THE era of expensive burial appears to be over in Anambra State as Governor Willie Obiano has assented to the new burial law, which came into effect in the state on May 14 this year.
Highlights of new law, which provide that all the communities in the state must have burial grounds, showed that all burial/funeral ceremonies of indigenous deceased persons must be registered with the town union at a fee of N1,500, while erection of any billboard, banner or posters of any kind of deceased persons would attract N100,000 fine or six months jail term or both.
The only exception to the provision was directional posts leading to the venue, which must not be erected before seven days to the burial date and must be removed not later than seven days after the burial date, otherwise the offender would be liable to pay the fine.

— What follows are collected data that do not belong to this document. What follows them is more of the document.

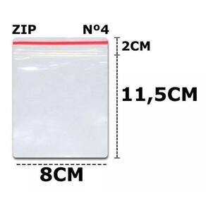 1000 Saco Fechamento Zip N04 8x115mm Fecho Hermético 1pct O Saco Zip plástico fecho hermético é um produto bastante versátil, uma vez que pode armazenar de produtos tóxicos até alimentos.Fabricado em poliestireno de baixa densidade, o Saco plástico fecho hermético possui um sistema de fechamento simples e moderno, através de dois trilhos plásticos, que possibilitam manter a integridade dos produtos que se encontram dentro do saco.Sem que haja perda de aderência. Isso leva uma praticidade ao consumidor.Veja quão versátil é o Saco plástico fecho hermético conhecendo alguns possíveis produtos aplicáveis a ele:Bijuterias, Vestuários e roupas, Todo tipo de alimentos, Laboratórios, Armazéns em gerais, Viagens, e Etc.Descrição:Cor: TransparenteTamanho: 8x11,5cm.Medidas variáveis até 0,5 cm para mais de acordo com os fabricantes.LIVRE DE BPAMarca: TalgeOBS: NÃO PERSONALIZAMOS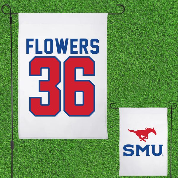 Southern Methodist University Football White Garden Flag - #36 Braeden Flowers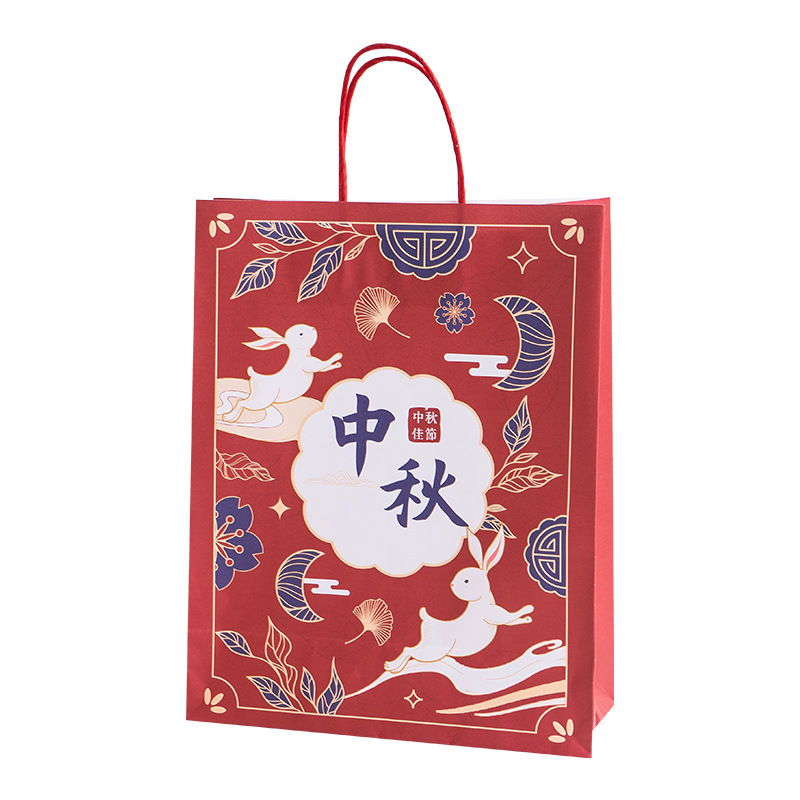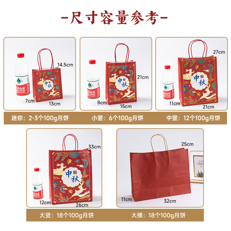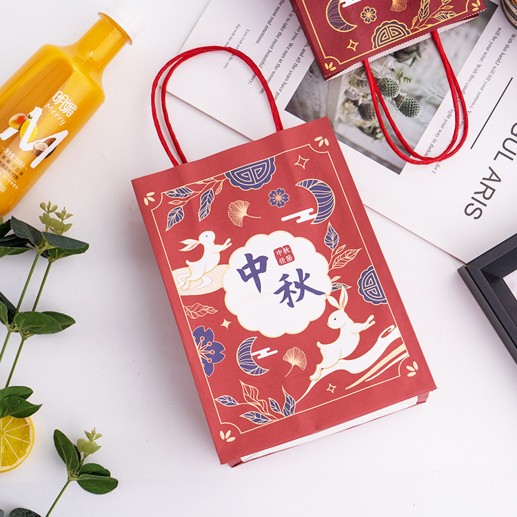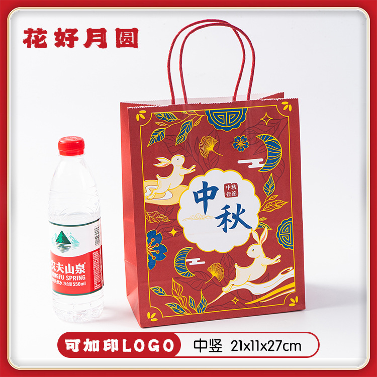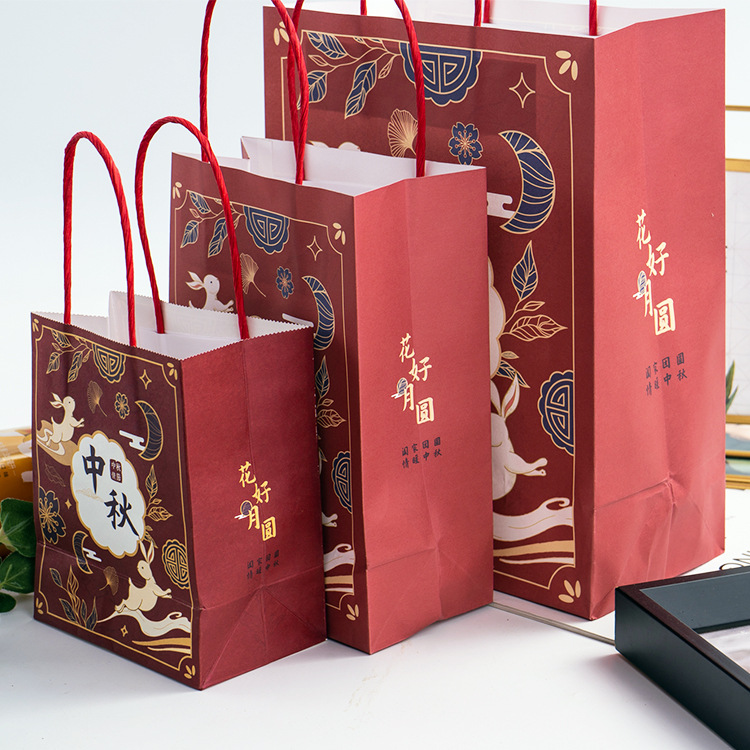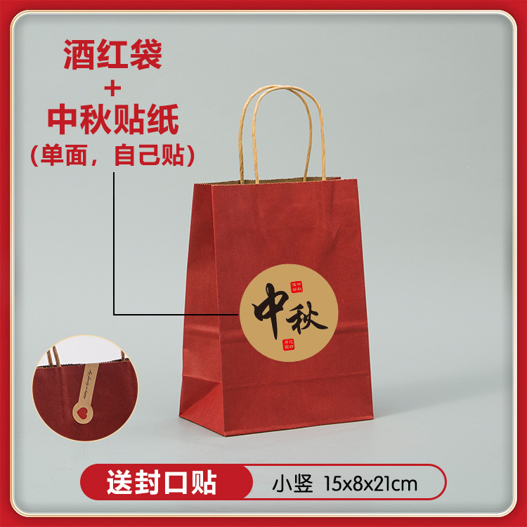 medium vertical wine red bag + mid-autumn festival sticker + sealing paste; kraft paper; 21x11x27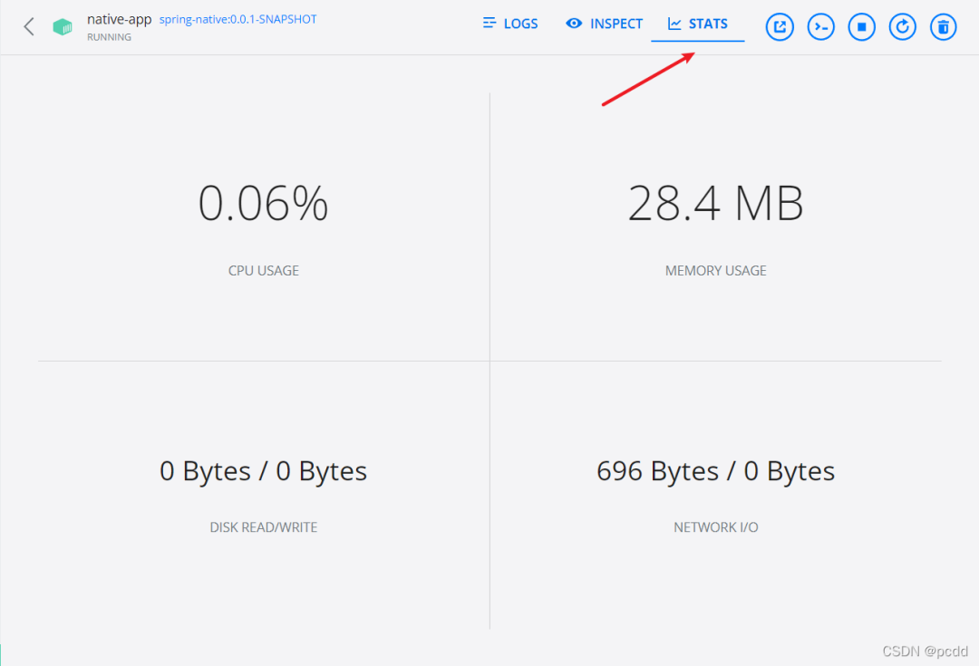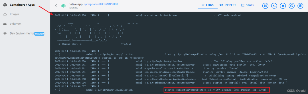 在Docker Desktop查看日志,发现应用成功启动,启动仅耗时0.059s,也就是59ms,果然印证了Spring Native启动是毫秒级别这句话。
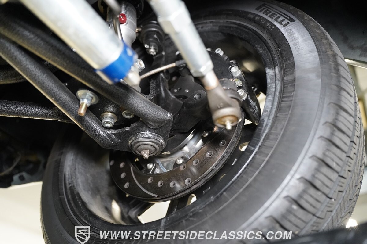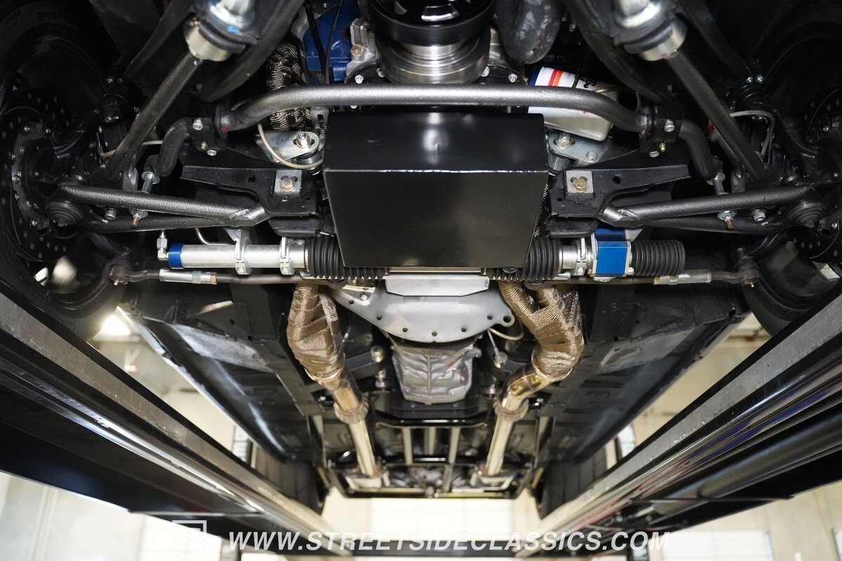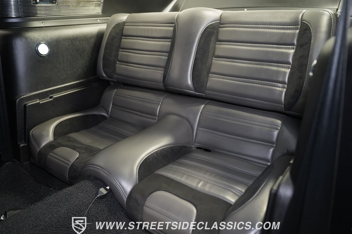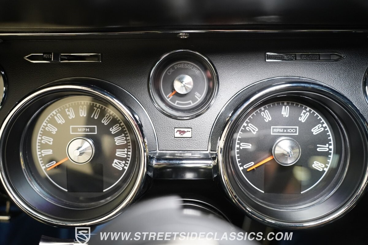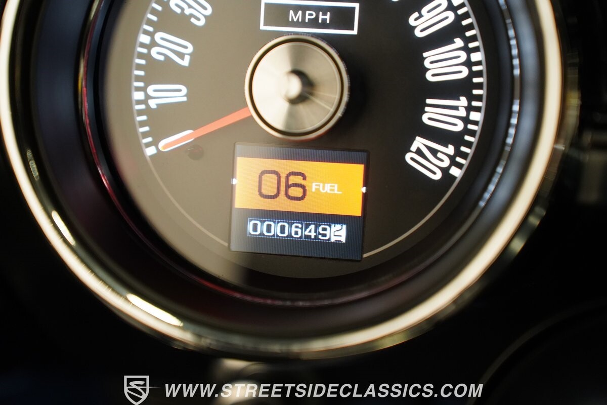 Inside, this Mustang offers a black interior elevated by TMI seats and door panels, seamlessly integrated with Dakota Digital gauges. The microsuede headliner and custom overhead console with map lights inject a touch of modern luxury into the vintage thrill. A Willwood electronic parking brake and an S1 Sequential shifter are poised for action, complemented by a retro-style AM/FM/AUX stereo that sets the soundtrack for your adventures, all underscored by the dash's impeccable condition.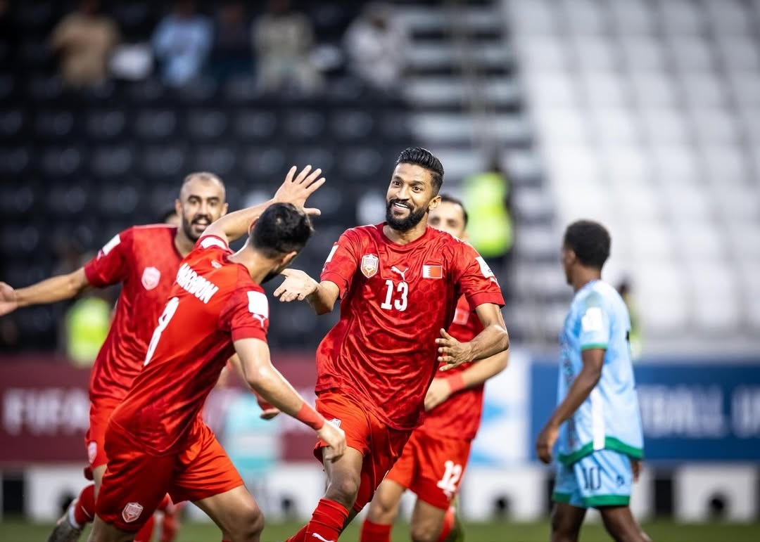 Bahrain's Mohamed Al Romaihi (centre) celebrates with teammates after scoring a goal against Djibouti. PIC: Bahrainfa

The Commissioner for Lands was required by the law to create the state burial ground in every community where rejected corpses and unidentified corpses would be buried.
There would also be monitoring and implementation committees and members of the committees would be paid remuneration to be determined by the town union.
According to the law, the monitoring committee would be responsible for registering all deaths in the town, giving clearance for every burial/funeral ceremony and submitting records of the implementation of the law to the Department of Town Union and Chieftaincy Matters in the state.
Other provisions were that:
- The corpse must not be deposited in the mortuary or any other place beyond two months from the date of death;
- No blocking of road/street because of burial except with the approval of the appropriate local government authority;
- No wake keep of any kind for any deceased person, while religious activity for the deceased person prior to the burial must end by 9:00pm; and there must be no food, drink, life band or cultural entertainers during and after religious activity for the deceased person.
- All burial ceremonies must be for one day and the burial services must start not later than 9:00 am and must not last more than two hours, just as no preserved corpse must be exposed for more than 30 minutes from the time of exposition.
It further provides that all condolence visits after any burial ceremony, must not exceed one day and no person must give the deceased person’s family a condolence gift exceeding money for one jar of palm wine, one carton of beer and one crate of soft drink.
In the case of women, there must be no demand of more than N10000 by her maiden family, while wearing of special uniform is restricted to the immediate family of the deceased person and church groups.
The law stipulates that Magistrate courts in the state have the jurisdiction to try offenders.